§ **YOUR ASSIGNMENT**: Every line from the one containing "于2024年3月30日举办了" to the end of the records below must be copied exactly, and no pictures may be included.

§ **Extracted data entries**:
--------------------
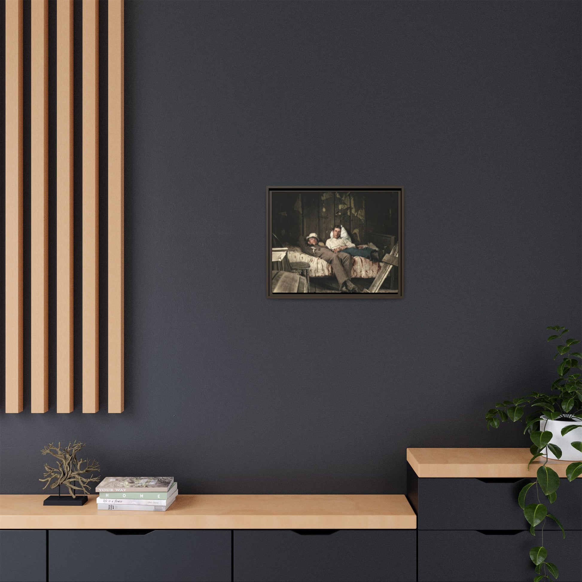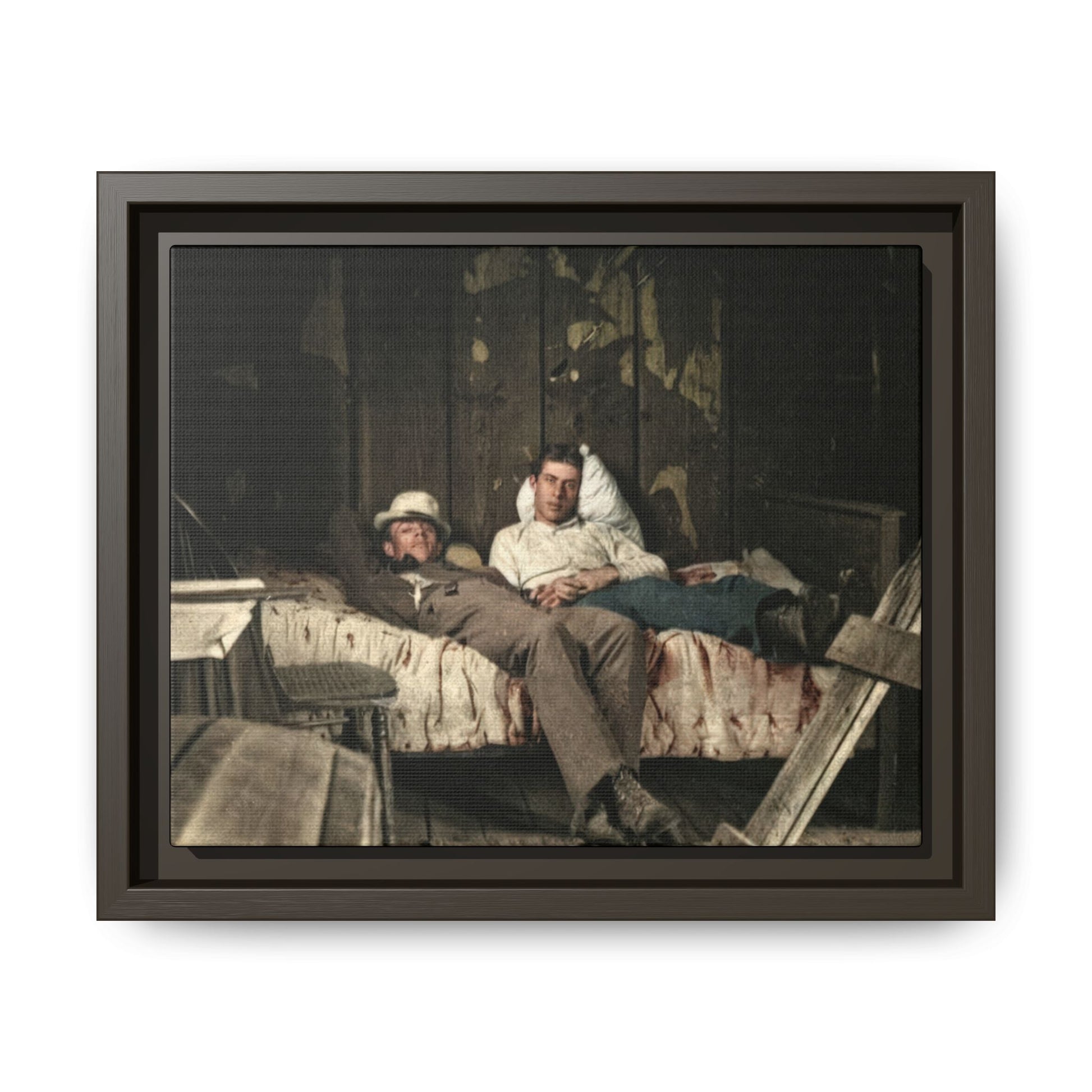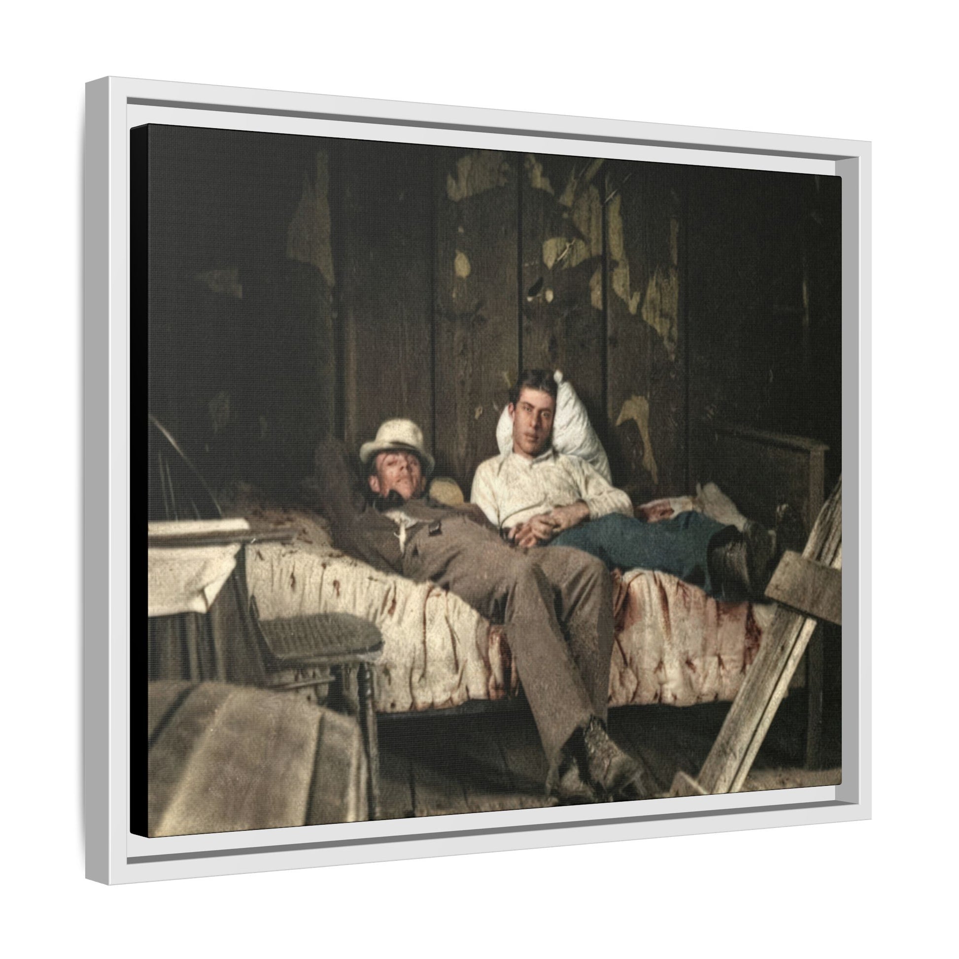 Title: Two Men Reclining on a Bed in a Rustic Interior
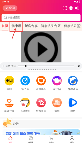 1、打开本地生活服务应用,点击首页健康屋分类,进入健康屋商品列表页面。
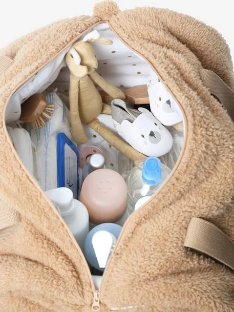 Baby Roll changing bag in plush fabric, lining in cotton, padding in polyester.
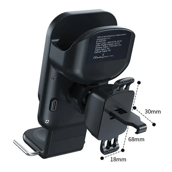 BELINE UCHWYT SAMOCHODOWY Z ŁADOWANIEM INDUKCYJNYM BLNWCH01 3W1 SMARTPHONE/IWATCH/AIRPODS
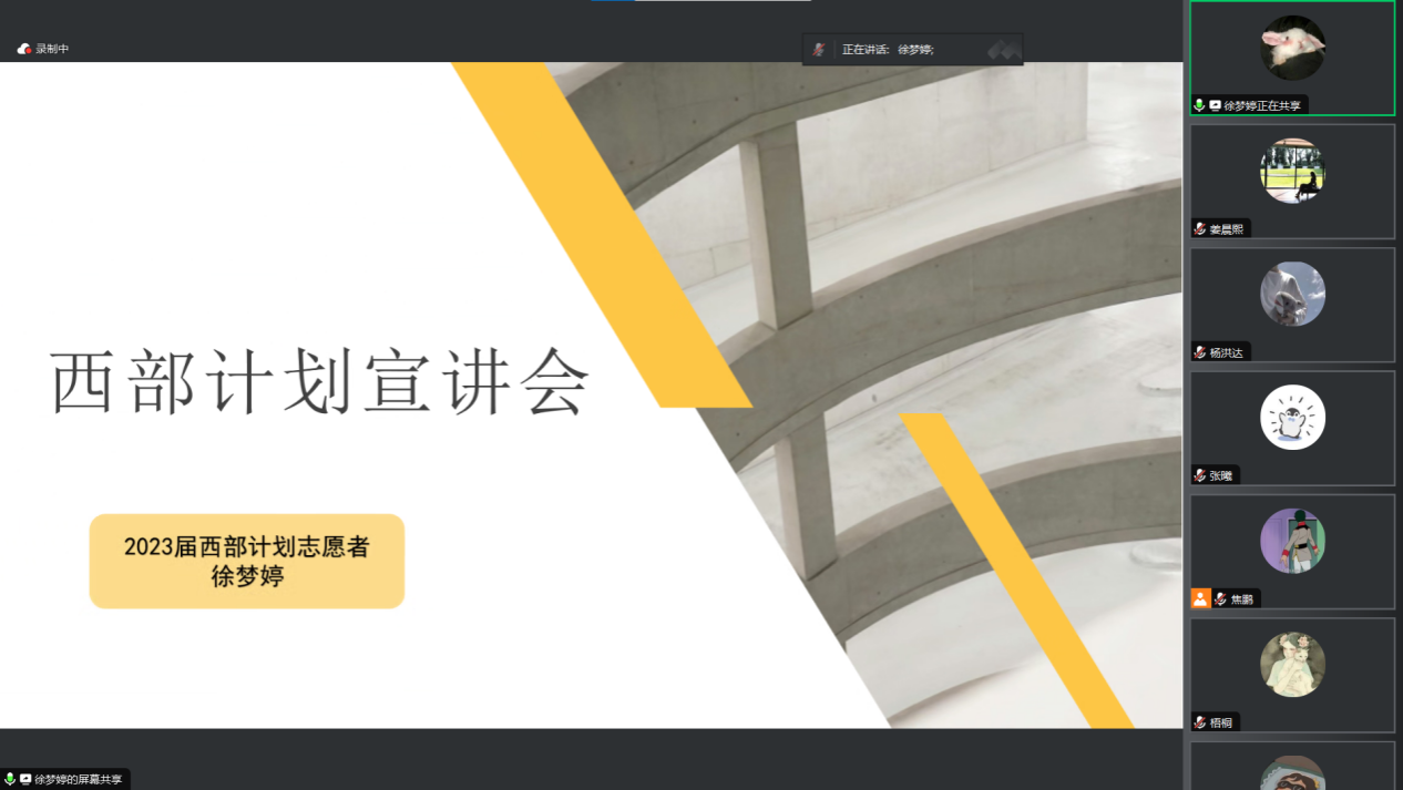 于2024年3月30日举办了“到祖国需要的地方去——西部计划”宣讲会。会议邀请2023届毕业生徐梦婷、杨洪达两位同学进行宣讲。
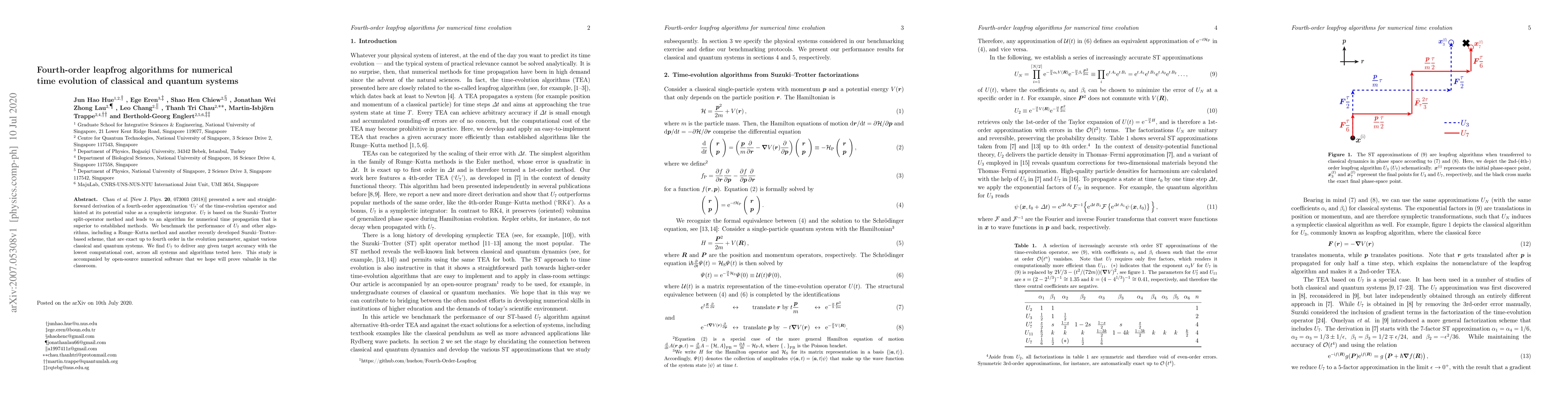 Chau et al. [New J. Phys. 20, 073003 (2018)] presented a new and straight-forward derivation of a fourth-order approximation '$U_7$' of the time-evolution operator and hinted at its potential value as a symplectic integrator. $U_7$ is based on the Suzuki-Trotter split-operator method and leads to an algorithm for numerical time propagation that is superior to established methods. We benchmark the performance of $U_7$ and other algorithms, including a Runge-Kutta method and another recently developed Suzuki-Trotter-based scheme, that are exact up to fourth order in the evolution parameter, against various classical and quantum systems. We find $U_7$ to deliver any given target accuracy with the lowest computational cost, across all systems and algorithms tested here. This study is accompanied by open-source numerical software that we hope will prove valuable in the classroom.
--------------------
§ **OUTPUT**:
 于2024年3月30日举办了“到祖国需要的地方去——西部计划”宣讲会。会议邀请2023届毕业生徐梦婷、杨洪达两位同学进行宣讲。
 Chau et al. [New J. Phys. 20, 073003 (2018)] presented a new and straight-forward derivation of a fourth-order approximation '$U_7$' of the time-evolution operator and hinted at its potential value as a symplectic integrator. $U_7$ is based on the Suzuki-Trotter split-operator method and leads to an algorithm for numerical time propagation that is superior to established methods. We benchmark the performance of $U_7$ and other algorithms, including a Runge-Kutta method and another recently developed Suzuki-Trotter-based scheme, that are exact up to fourth order in the evolution parameter, against various classical and quantum systems. We find $U_7$ to deliver any given target accuracy with the lowest computational cost, across all systems and algorithms tested here. This study is accompanied by open-source numerical software that we hope will prove valuable in the classroom.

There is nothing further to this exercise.